Unique properties and reactivity of high-valent manganese-oxo versus manganese-hydroxo in the salen platform.

To gain an understanding of oxidation reactions by Mn(III)(salen), a reaction of Mn(III)(salen) with m-chloroperoxybenzoic acid in the absence of a substrate is investigated. UV-vis, perpendicular- and parallel-mode electron paramagnetic resonance, and X-ray absorption spectroscopy show that the resulting solution contains Mn(IV)(salen)(O) as a major product and Mn(IV)(salen)(OH) as a minor product. Mn(IV)(salen)(O) readily reacts with 4-H-2,6-tert-Bu(2)C(6)H(2)OH (homolytic bond dissociation energy of an OH bond, BDE(OH) = 82.8 kcal mol(-1)), 4-CH(3)CO-2,6-tert-Bu(2)C(6)H(2)OH (BDE(OH) = 83.1 kcal mol(-1)), and 4-NC-2,6-tert-Bu(2)C(6)H(2)OH (BDE(OH) = 84.2 kcal mol(-1)) at 203 K, following second-order rate kinetics. Mn(IV)(salen)(OH) reacts with 4-CH(3)CO-2,6-tert-Bu(2)C(6)H(2)OH (BDE(OH) = 83.1 kcal mol(-1)) much more slowly under identical conditions than Mn(IV)(salen)(O) and does not react with 4-NC-2,6-tert-Bu(2)C(6)H(2)OH (BDE(OH) = 84.2 kcal mol(-1)), suggesting that the thermodynamic hydrogen-atom-abstracting ability of Mn(IV)(salen)(OH) is about 83 kcal mol(-1). The rate constant for reactions of Mn(IV)(salen)(OH) with phenols is not dependent on the concentration of phenols, suggesting that Mn(IV)(salen)(OH) might bind phenols prior to the rate-limiting oxidation reactions.
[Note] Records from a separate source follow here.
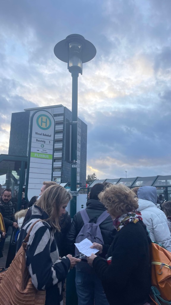 After speaking to the ticket office a second new route was proposed. From here, two more trains, and we should make it to Amsterdam around 6, just 3hrs later than expected. The delays and problems were comical at this point, but we still had plenty of time so we’d get there eventually. Or not. The new train arrives, and we start moving, we’re on our way to Arnhem, the final transit location of our journey. The trains are packed, there are so many of us in the same situation, and we are just packed in on top of each other with all our luggage. There’s no room to move, or sit. It’s not pleasant, but it is what it is. Less than halfway to Arnhem, the train stops, this time declaring that we must get off and take a replacement bus the rest of the way to Arnhem. In turn this meant we would miss the planned connection in Arnhem but inconveniently we could take a later one. So here we are, well over 100 people, standing around waiting for the bus. At this stage, it’s freezing cold, windy, threatening to rain and getting dark. When the bus never turns up, it was getting a bit concerning. People were starting to get taxis, an 1.5hr journey to Arnhem from here, and crazy prices + demand. There’s a couple of workers in hi-vis, we ask them, they have no idea where the bus is, or if any more trains will run. It was simply confused mayhem.
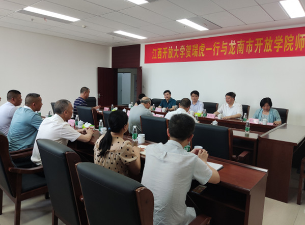 在寻乌开放学院,贺瑞虎特别询问了学院的办学规模、师资队伍等情况,深入掌握开放大学系统基层一线办学单位基本情况,了解他们履行相应办学和服务职能的能力。在龙南开放学院,贺瑞虎一行认真听取了龙南开放教育工作发展情况和新兴产业学院工作情况,并与学校教师进行座谈交流,贺瑞虎强调,各学院要因地制宜推进产教协同育人,不断加强教育资源共享,培养更多留得住、用得上、用得好的新兴人才。
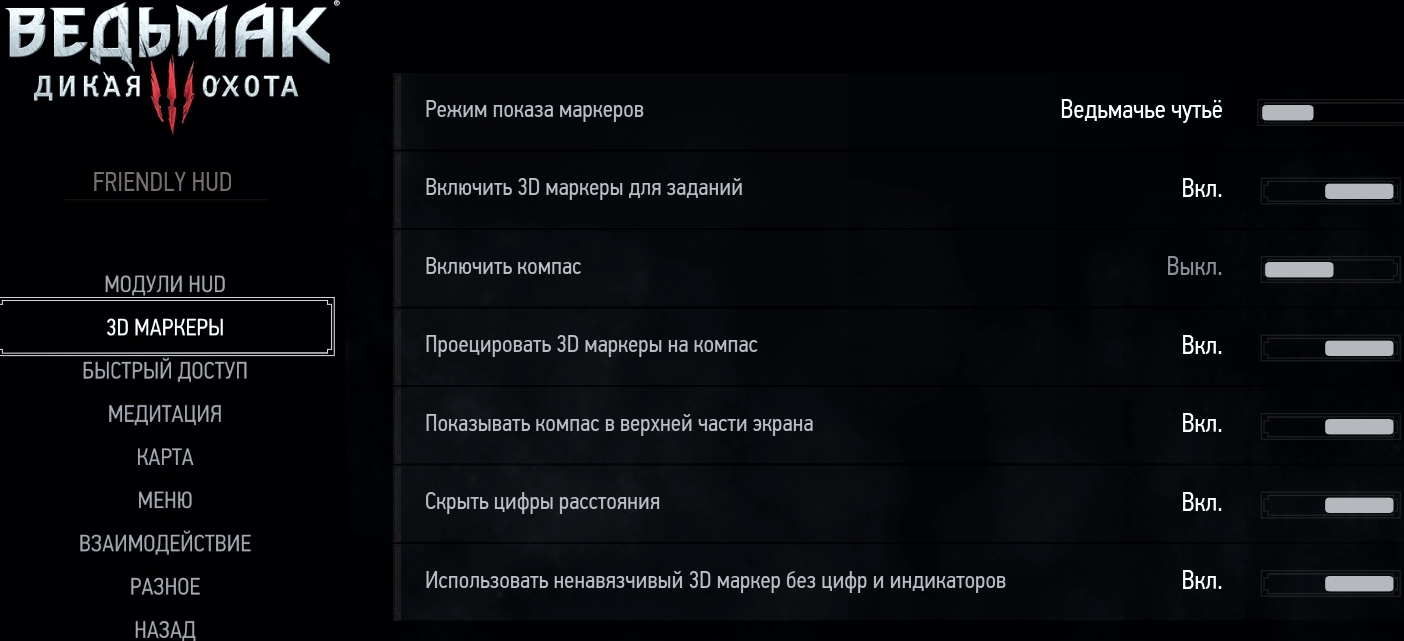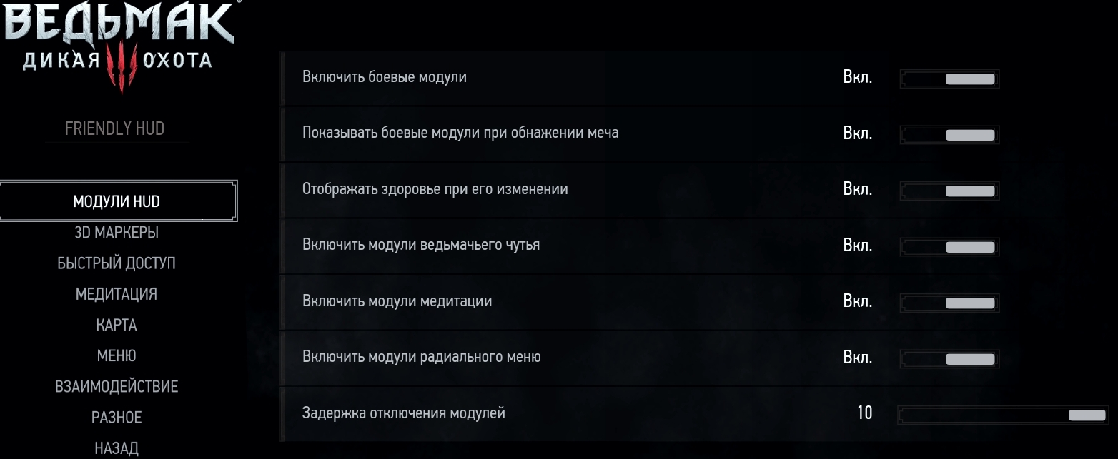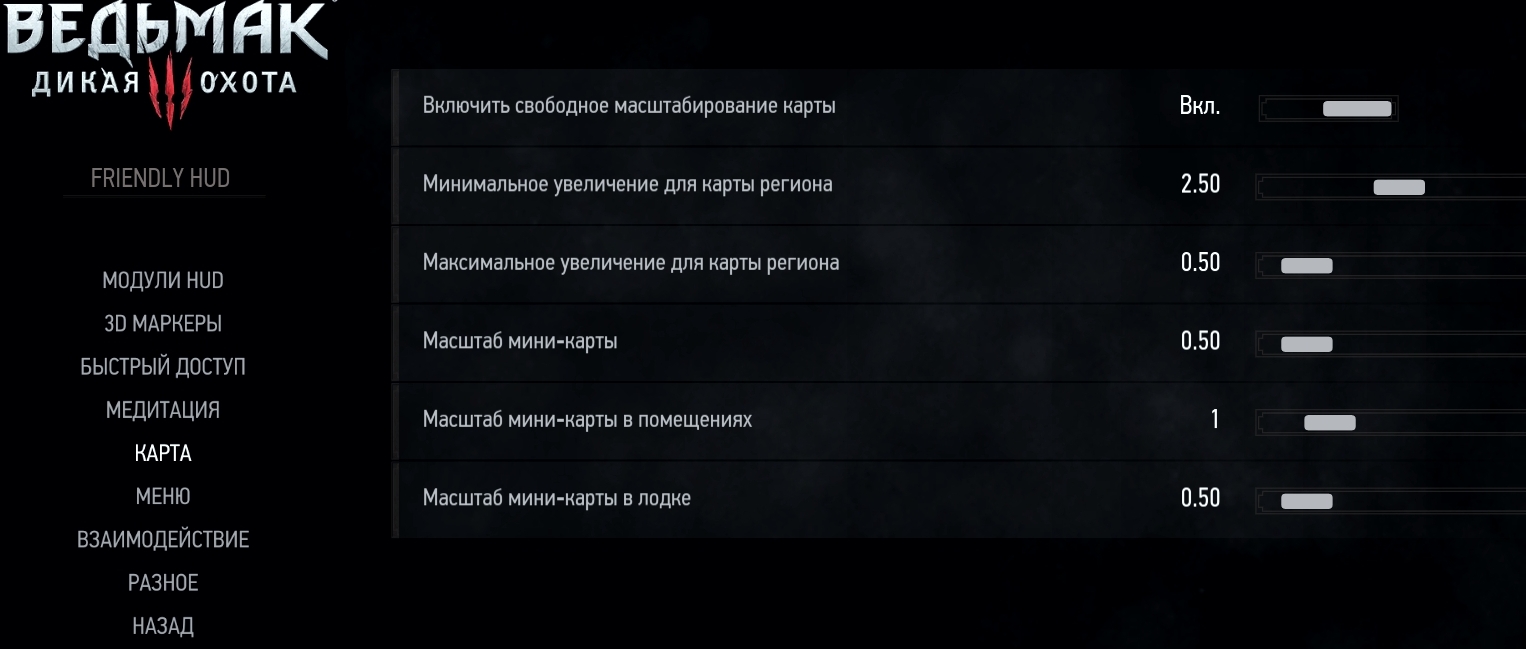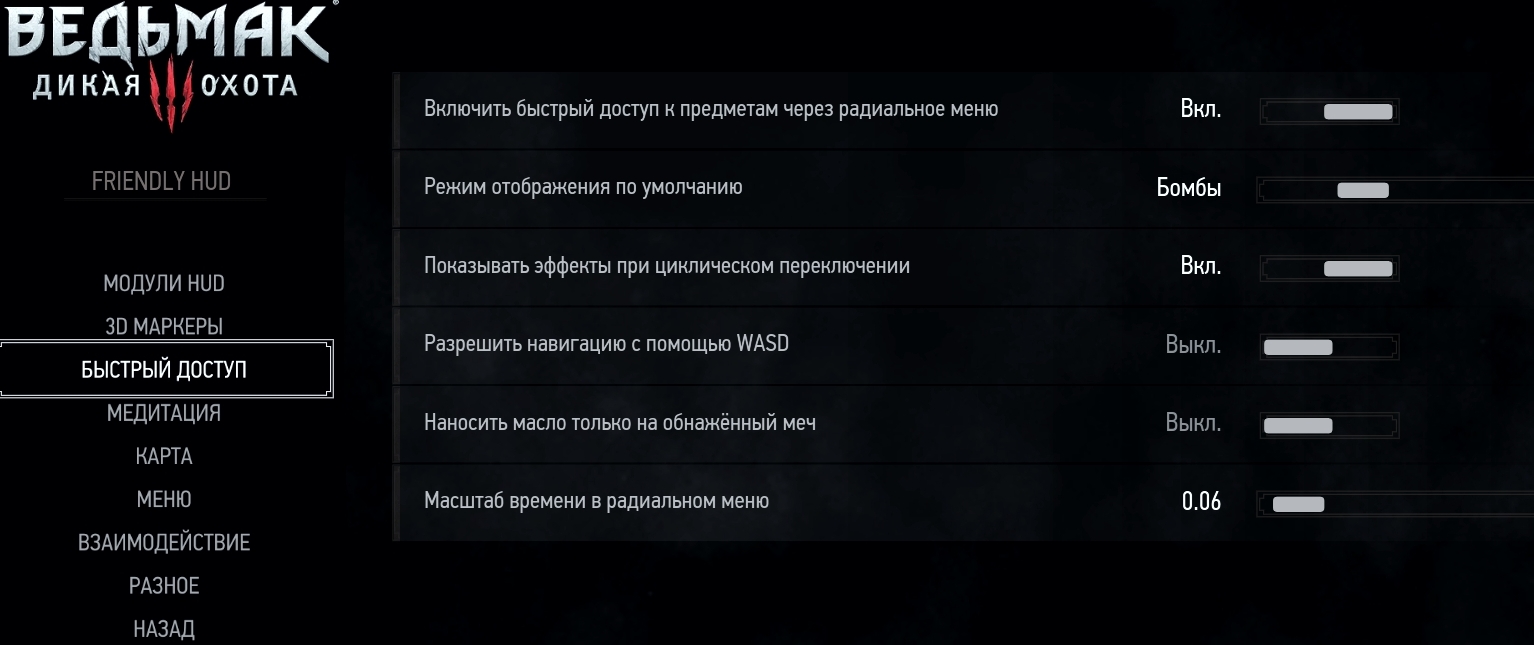 Списки модулей и быстрых предметов, шрифты и некоторые другие вещи можно настроить редактируя файл "[Путь куда установлена The Witcher 3]\Mods\modFriendlyHUD\content\scripts\game\modFriendlyHUDConfig.ws". При наличии минимальных познаний в области программирования можно легко поменять некоторые внутренние механизмы мода. Секция настроек начинается со строчки "Configurable section begin" и заканчивается строчкой "End of configurable section". Не меняйте ничего за пределами этой секции, если не уверены.

Quantum chemical calculations are carried out for Mn(IV)(salen)(O) and Mn(IV)(salen)(OH), both of which well reproduce the extended X-ray absorption fine structures as well as the electronic configurations. It is also indicated that protonation of Mn(IV)(salen)(OH) induces a drastic electronic structural change from manganese(IV) phenolate to a manganese(III) phenoxyl radical, which is also consistent with the experimental observation.